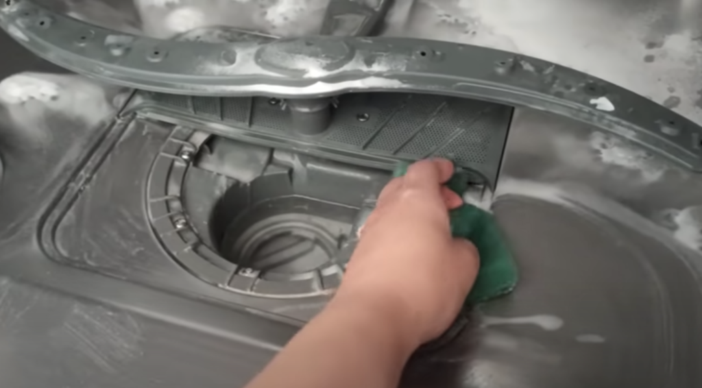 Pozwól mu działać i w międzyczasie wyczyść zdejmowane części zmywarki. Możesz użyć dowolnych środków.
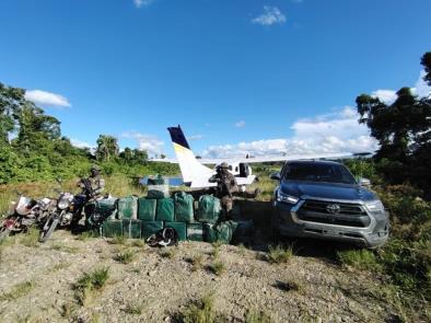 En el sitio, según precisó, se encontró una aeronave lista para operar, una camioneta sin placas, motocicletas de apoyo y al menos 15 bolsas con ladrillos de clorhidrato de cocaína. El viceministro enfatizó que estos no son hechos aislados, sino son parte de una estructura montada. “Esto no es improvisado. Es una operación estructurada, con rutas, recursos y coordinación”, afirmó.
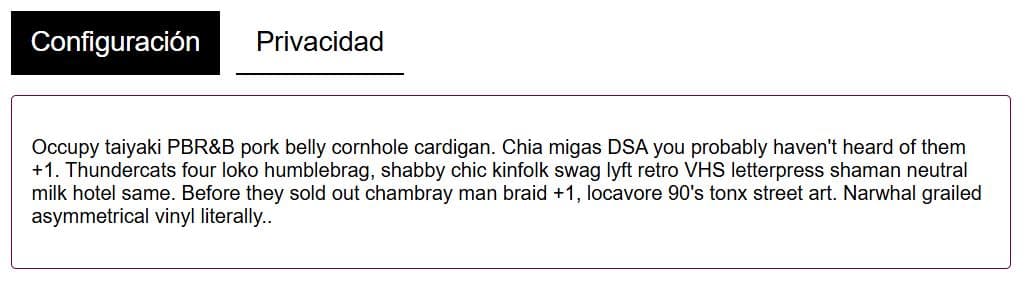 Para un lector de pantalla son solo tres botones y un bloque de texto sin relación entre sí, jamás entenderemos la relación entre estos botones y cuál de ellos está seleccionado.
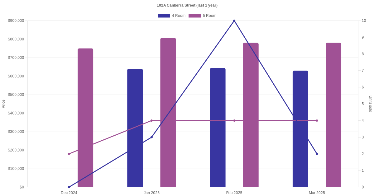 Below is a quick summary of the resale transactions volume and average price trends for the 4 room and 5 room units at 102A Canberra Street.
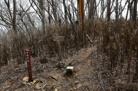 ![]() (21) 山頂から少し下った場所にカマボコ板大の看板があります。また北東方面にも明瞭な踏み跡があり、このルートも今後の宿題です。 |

...

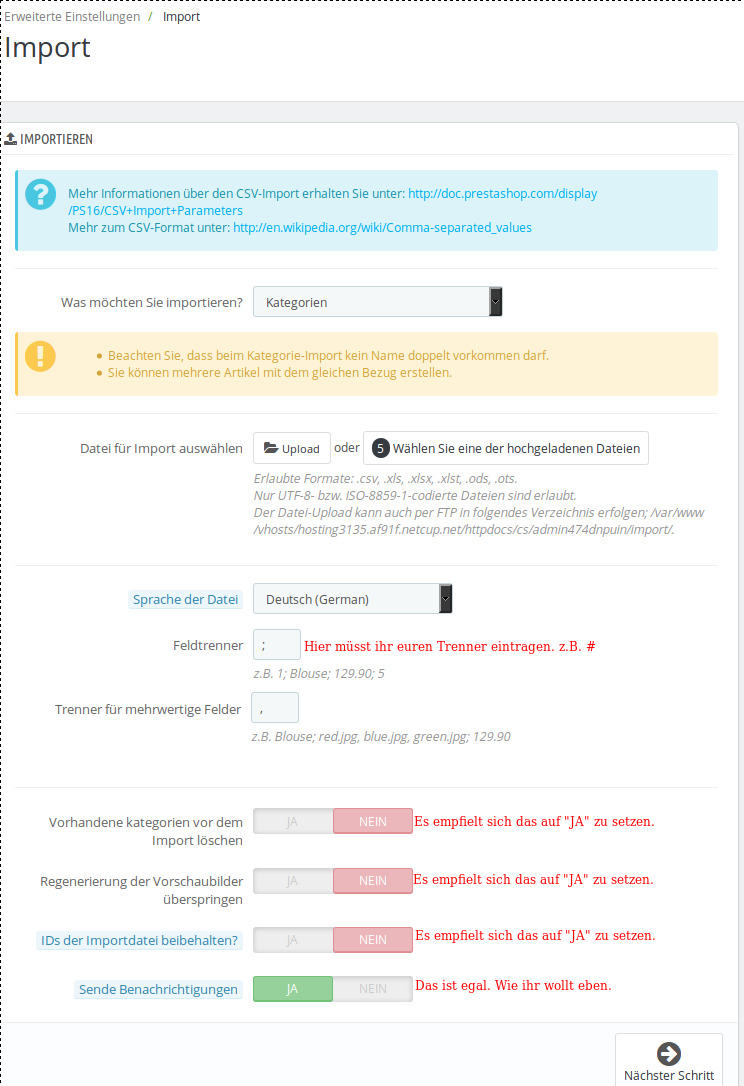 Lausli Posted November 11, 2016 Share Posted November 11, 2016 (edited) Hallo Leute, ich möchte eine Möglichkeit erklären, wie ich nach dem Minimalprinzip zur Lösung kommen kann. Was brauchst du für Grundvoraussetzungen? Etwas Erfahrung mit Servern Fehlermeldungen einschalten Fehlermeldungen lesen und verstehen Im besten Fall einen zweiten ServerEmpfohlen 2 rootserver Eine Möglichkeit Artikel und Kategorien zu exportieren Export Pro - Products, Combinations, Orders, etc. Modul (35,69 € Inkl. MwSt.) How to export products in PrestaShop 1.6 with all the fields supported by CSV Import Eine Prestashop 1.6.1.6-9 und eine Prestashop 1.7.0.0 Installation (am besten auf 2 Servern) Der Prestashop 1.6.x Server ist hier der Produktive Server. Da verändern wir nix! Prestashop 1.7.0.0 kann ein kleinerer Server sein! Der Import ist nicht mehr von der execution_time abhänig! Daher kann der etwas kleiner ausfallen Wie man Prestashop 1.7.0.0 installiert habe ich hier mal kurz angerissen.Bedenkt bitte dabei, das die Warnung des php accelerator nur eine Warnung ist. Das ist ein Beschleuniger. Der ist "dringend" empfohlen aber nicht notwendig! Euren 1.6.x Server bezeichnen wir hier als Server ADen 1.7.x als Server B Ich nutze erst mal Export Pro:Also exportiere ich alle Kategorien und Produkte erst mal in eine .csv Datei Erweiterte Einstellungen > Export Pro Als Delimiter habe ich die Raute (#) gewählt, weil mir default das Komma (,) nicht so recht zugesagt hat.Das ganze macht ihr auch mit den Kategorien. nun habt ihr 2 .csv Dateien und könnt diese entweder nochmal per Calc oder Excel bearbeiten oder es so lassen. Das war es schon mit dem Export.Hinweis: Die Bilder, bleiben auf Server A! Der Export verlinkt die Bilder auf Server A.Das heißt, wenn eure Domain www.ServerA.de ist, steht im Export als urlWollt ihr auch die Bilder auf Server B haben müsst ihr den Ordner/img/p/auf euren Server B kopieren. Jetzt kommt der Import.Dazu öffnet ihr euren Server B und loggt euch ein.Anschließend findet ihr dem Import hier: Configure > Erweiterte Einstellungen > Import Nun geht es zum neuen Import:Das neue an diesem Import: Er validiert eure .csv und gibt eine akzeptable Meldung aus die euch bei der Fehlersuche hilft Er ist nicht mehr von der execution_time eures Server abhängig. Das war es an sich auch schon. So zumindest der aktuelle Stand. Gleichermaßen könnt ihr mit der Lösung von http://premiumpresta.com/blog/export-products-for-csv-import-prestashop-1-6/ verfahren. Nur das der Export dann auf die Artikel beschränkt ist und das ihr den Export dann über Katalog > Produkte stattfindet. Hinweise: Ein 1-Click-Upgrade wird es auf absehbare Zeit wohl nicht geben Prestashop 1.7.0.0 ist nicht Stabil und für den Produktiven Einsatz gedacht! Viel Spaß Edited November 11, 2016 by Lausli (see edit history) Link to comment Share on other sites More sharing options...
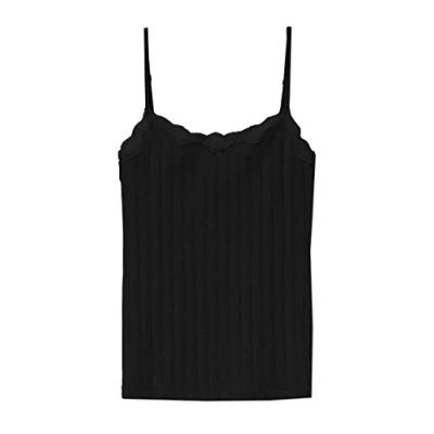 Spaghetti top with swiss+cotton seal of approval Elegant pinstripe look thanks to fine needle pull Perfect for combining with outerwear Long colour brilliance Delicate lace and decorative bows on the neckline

--

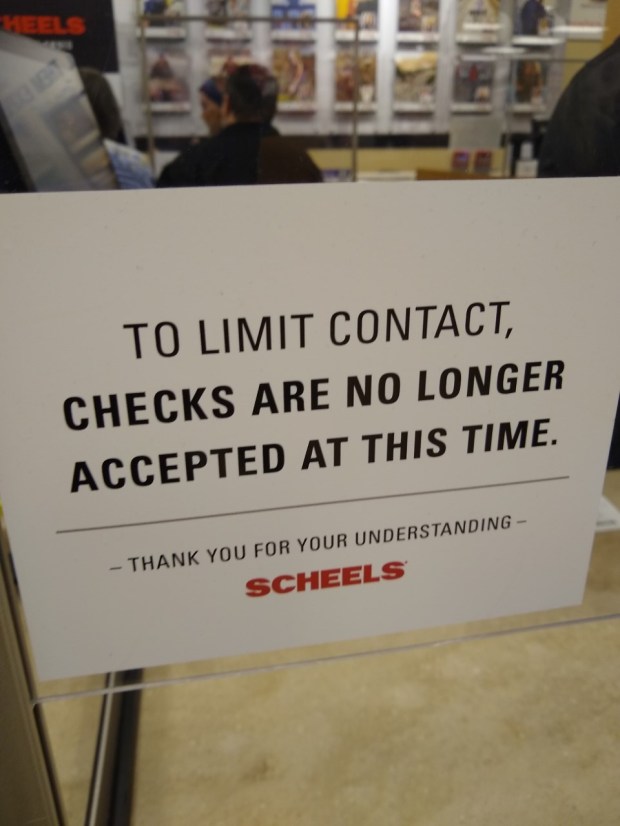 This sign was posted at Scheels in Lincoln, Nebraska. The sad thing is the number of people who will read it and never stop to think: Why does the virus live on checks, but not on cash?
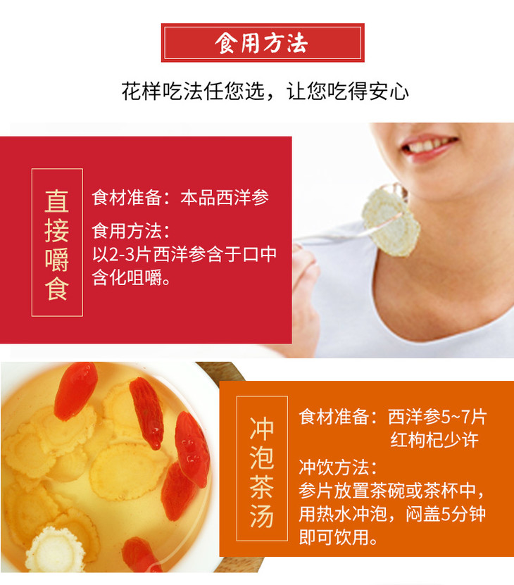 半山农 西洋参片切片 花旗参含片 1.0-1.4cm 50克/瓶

> TASK OBJECTIVE
Using the records above, print exactly the lines between the ones containing "Pozwól mu działać" and "En el sitio, según", inclusive, and nothing else; no pictures.

> ANSWER SECTION
 Pozwól mu działać i w międzyczasie wyczyść zdejmowane części zmywarki. Możesz użyć dowolnych środków.
 En el sitio, según precisó, se encontró una aeronave lista para operar, una camioneta sin placas, motocicletas de apoyo y al menos 15 bolsas con ladrillos de clorhidrato de cocaína. El viceministro enfatizó que estos no son hechos aislados, sino son parte de una estructura montada. “Esto no es improvisado. Es una operación estructurada, con rutas, recursos y coordinación”, afirmó.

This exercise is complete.